Columnists

Dewey, Cheatem & Howe

Item: The CEO of Volkswagen has resigned after revelations that his company committed fraud on an epic scale, installing software on its diesel cars that detected when their emissions were being tested, and produced deceptively low results.

Item: The former president of a peanut company has been sentenced to 28 years in prison for knowingly shipping tainted products that later killed nine people and sickened 700.

Item: Rights to a drug used to treat parasitic infections were acquired by Turing Pharmaceuticals, which specializes not in developing new drugs but in buying existing drugs and jacking up their prices. In this case, the price went from $13.50 a tablet to $750.

It has been a good few days for connoisseurs of business predators.

No doubt I, like anyone who points out ethical lapses on the part of some companies, will be accused of demonizing business. But I'm not claiming that all business people are demons, just that some of them aren't angels.

There are, it turns out, people in the corporate world who will do whatever it takes, including fraud that kills people, in order to make a buck. And we need effective regulation to police that kind of bad behavior, not least so that ethical business people aren't at a disadvantage when competing with less scrupulous types. But we knew that, right?

Well, we used to know it, thanks to the muckrakers and reformers of the Progressive Era. But Ronald Reagan insisted that government is always the problem, never the solution, and this has become dogma on the right.

As a result, an important part of America's political class has declared war on even the most obviously necessary regulations. Too many important players now argue in effect that business can do no wrong and that government has no role to play in limiting misbehavior.

A case in point: Last week Jeb Bush, who has an uncanny talent for bad timing, chose to publish an op-ed article in the Wall Street Journal denouncing the Obama administration for issuing "a flood of creativity-crushing and job-killing rules." Never mind his misuse of cherry-picked statistics or the fact that private-sector employment has grown much faster under President Barack Obama's "job killing" policies than it did under Bush's brother's administration.

What are the terrible, unjustified regulations Bush proposes to scrap?

Carbon regulation must go, of course, because doing nothing about climate change has become an essential part of the Republican identity. So must Obamacare.

But Bush also proposes doing away with rules regarding the disposal of coal ash, a byproduct of coal-burning power plants that contains mercury, arsenic and other contaminants that can cause serious health problems if they leak into groundwater or are blown into the air as dust. Does trying to limit these risks sound like an arbitrary, pointless action?

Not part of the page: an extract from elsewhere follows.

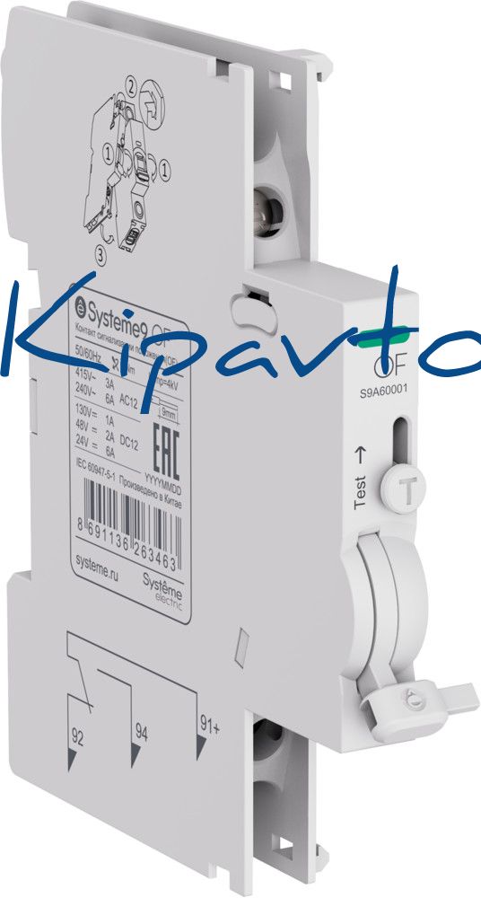 Контакт сигнализации состояния контактной группы устройства (OF) S9. Присоединяется к автоматическим выключателям, автоматическим дифференциальным выключателям, выключателям дифференциального тока, блокам дифференциального тока (монтаж на АВ) и выключателям нагрузки серии Systeme9, для реализации функции сигнализации положения («включено - отключено») этих аппаратов. Они устанавливаются защёлкиванием (без использования инструмента) слева от соответствующего аппарата. Ширина устройства - 9мм. Дополнительные контакты монтируются на устройство после расцепителей, если таковые присутствуют. Максимальное количество дополнительных контактов для одного устройства - 3 штуки, если не установлены расцепители. Если расцепители установлены, то не более 2 штук.

Then there's for-profit education, an industry wracked by fraud--because it's very hard for students to assess what they're getting--that leaves all too many young Americans with heavy debt burdens and no real prospect of better jobs. But Bush denounces attempts at a cleanup.

Oh, and he denounces the administration for "regulating the internet as a public utility," which can sound odd until you realize that what's actually being regulated are internet service providers, who face little or no competition in many local markets. Did I mention that in Europe, where internet providers are required to accommodate competition, broadband is much faster and much cheaper than it is here?

Last but not least, Jeb Bush calls for a rollback of financial regulation, repeating the thoroughly debunked claim that the Dodd-Frank law actually encourages banks to become too big to fail. (Markets disagree: Judging by their borrowing costs, big banks have lost, not gained, since Dodd-Frank went into effect.) Because why should we think that letting banks run wild poses any risks?

The thing is, Bush isn't wrong to suggest that there has been a move back toward more regulation under Obama, a move that will probably continue if a Democrat wins next year. After all, Hillary Clinton released a plan to limit drug prices at the same time Bush was unleashing his anti-regulation diatribe.

But the regulatory rebound is taking place for a reason. Maybe we had too much regulation in the 1970s, but we've now spent 35 years trusting business to do the right thing with minimal oversight--and it hasn't worked.

So what has been happening lately is an attempt to redress that imbalance, to replace knee-jerk opposition to regulation with the judicious use of regulation where there is good reason to believe that businesses might act in destructive ways. Will we see this effort continue? Next year's election will tell.

------------v------------

Paul Krugman, who won the 2008 Nobel Prize in economics, teaches at Princeton University.